* _SOURCE MATERIAL_
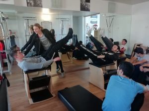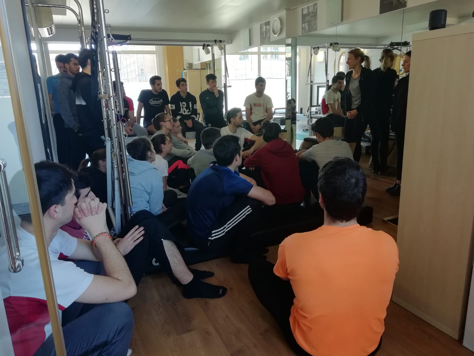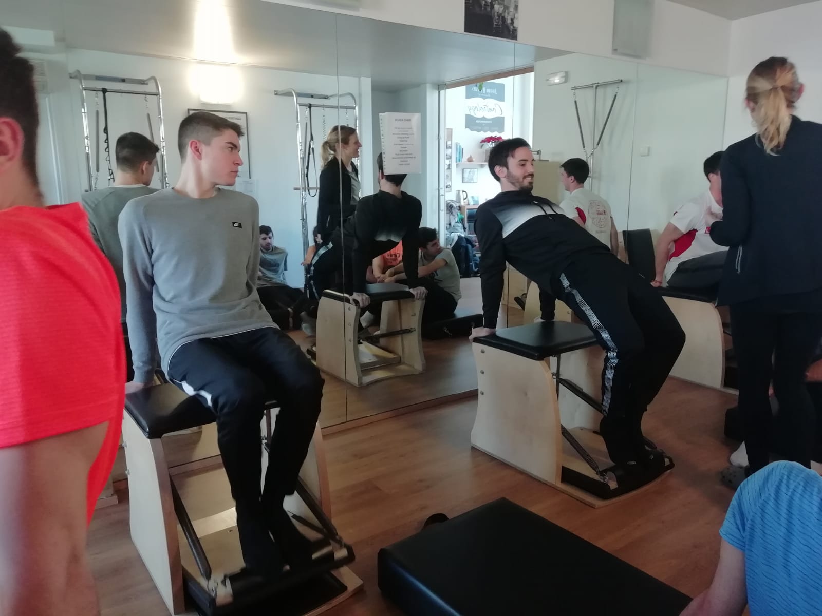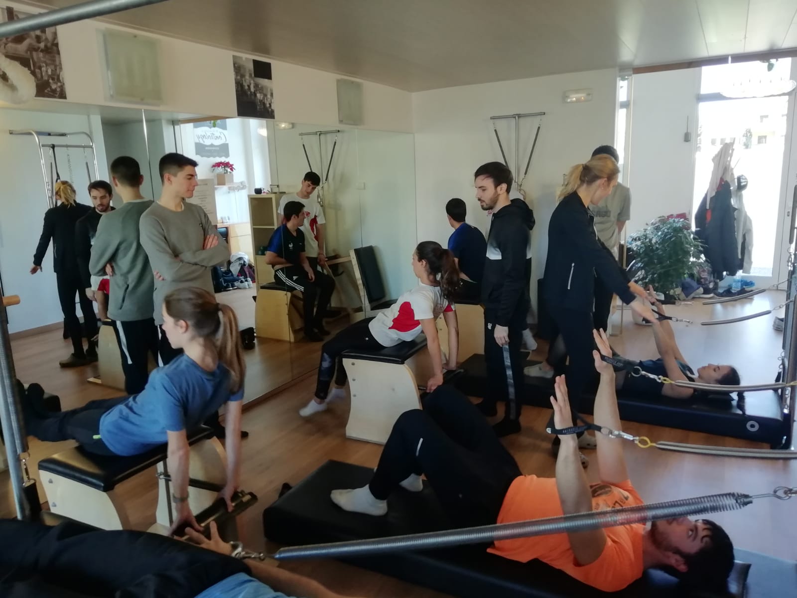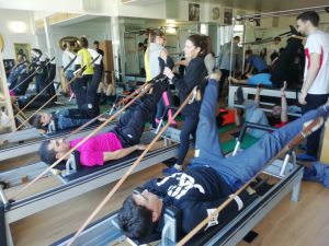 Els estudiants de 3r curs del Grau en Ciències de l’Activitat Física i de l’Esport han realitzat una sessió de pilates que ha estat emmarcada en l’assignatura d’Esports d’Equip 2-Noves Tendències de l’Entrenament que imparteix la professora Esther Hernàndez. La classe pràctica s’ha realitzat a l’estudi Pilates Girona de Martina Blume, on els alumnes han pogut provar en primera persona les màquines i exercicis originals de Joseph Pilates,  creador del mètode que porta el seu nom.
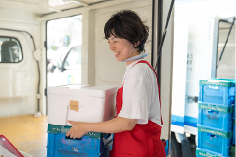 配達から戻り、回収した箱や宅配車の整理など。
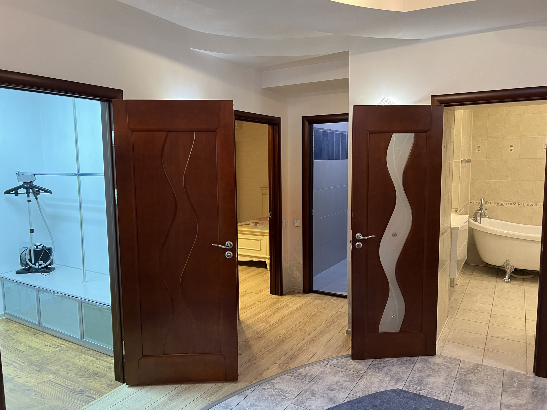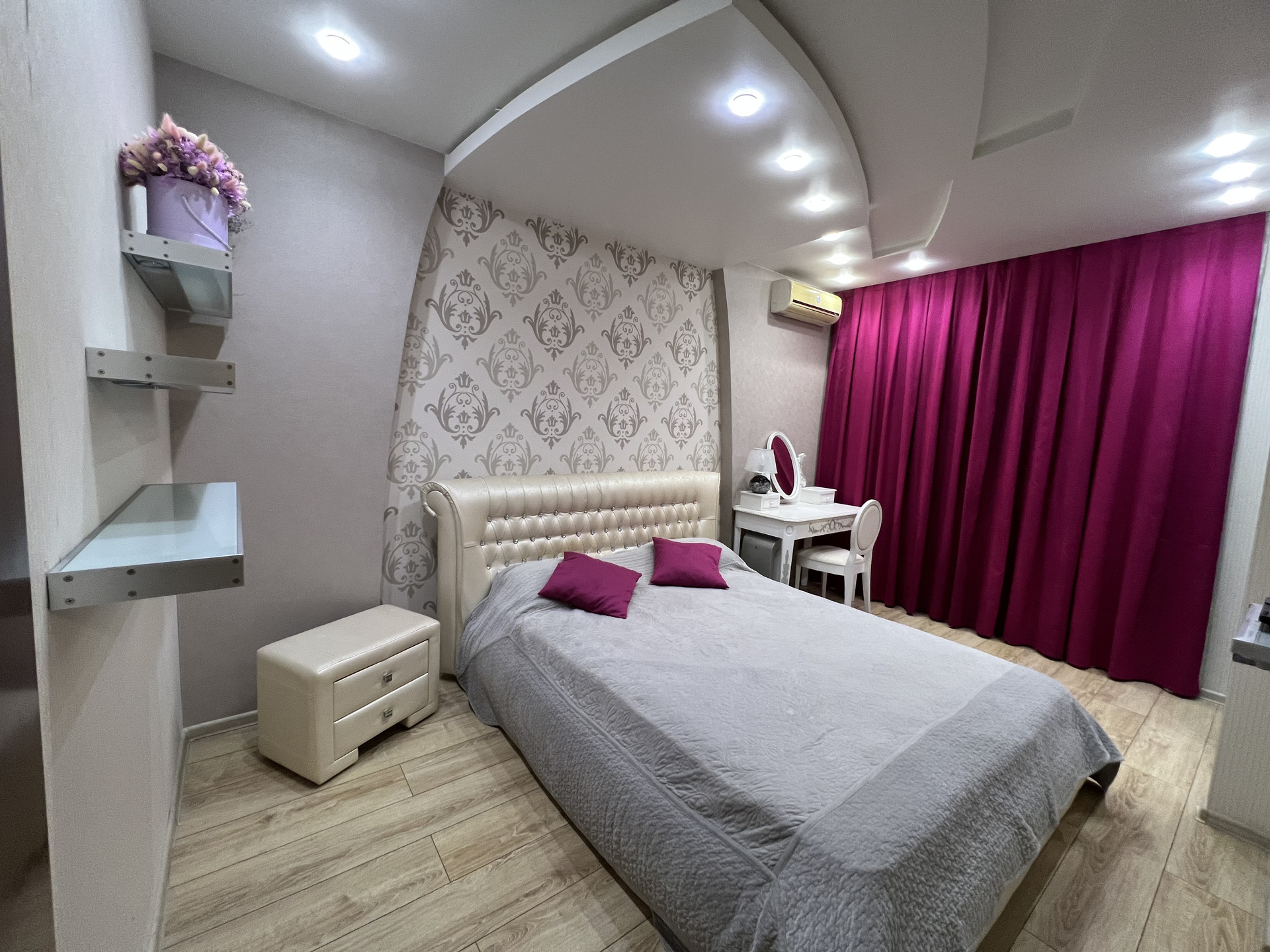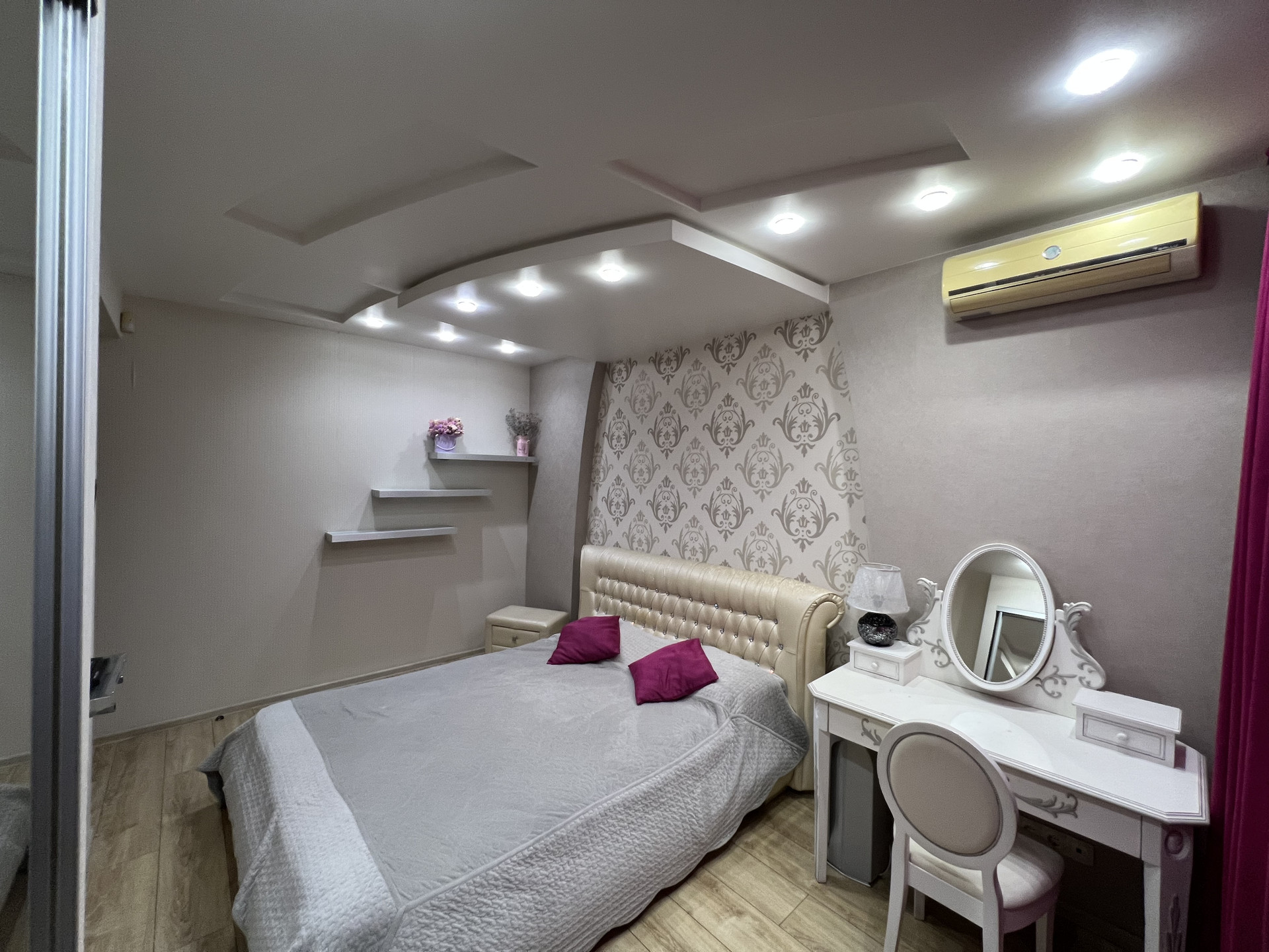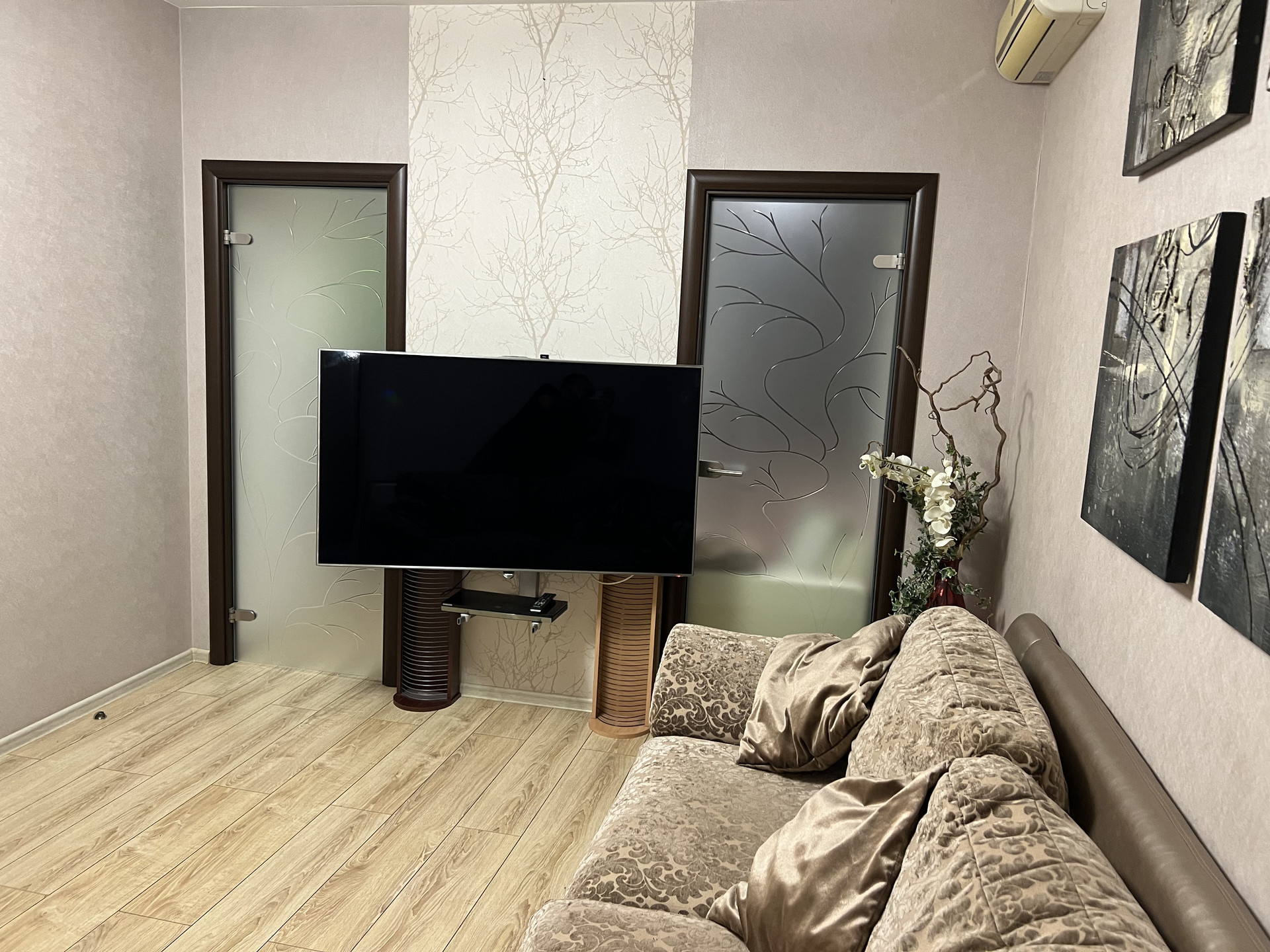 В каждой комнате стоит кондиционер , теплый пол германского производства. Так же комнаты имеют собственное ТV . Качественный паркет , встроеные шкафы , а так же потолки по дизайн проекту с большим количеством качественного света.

* _TASK PROMPT_
Could you reproduce the listing above word for word while leaving out its pictures?

* _TASK OUTPUT_
 Els estudiants de 3r curs del Grau en Ciències de l’Activitat Física i de l’Esport han realitzat una sessió de pilates que ha estat emmarcada en l’assignatura d’Esports d’Equip 2-Noves Tendències de l’Entrenament que imparteix la professora Esther Hernàndez. La classe pràctica s’ha realitzat a l’estudi Pilates Girona de Martina Blume, on els alumnes han pogut provar en primera persona les màquines i exercicis originals de Joseph Pilates,  creador del mètode que porta el seu nom.
 配達から戻り、回収した箱や宅配車の整理など。
 В каждой комнате стоит кондиционер , теплый пол германского производства. Так же комнаты имеют собственное ТV . Качественный паркет , встроеные шкафы , а так же потолки по дизайн проекту с большим количеством качественного света.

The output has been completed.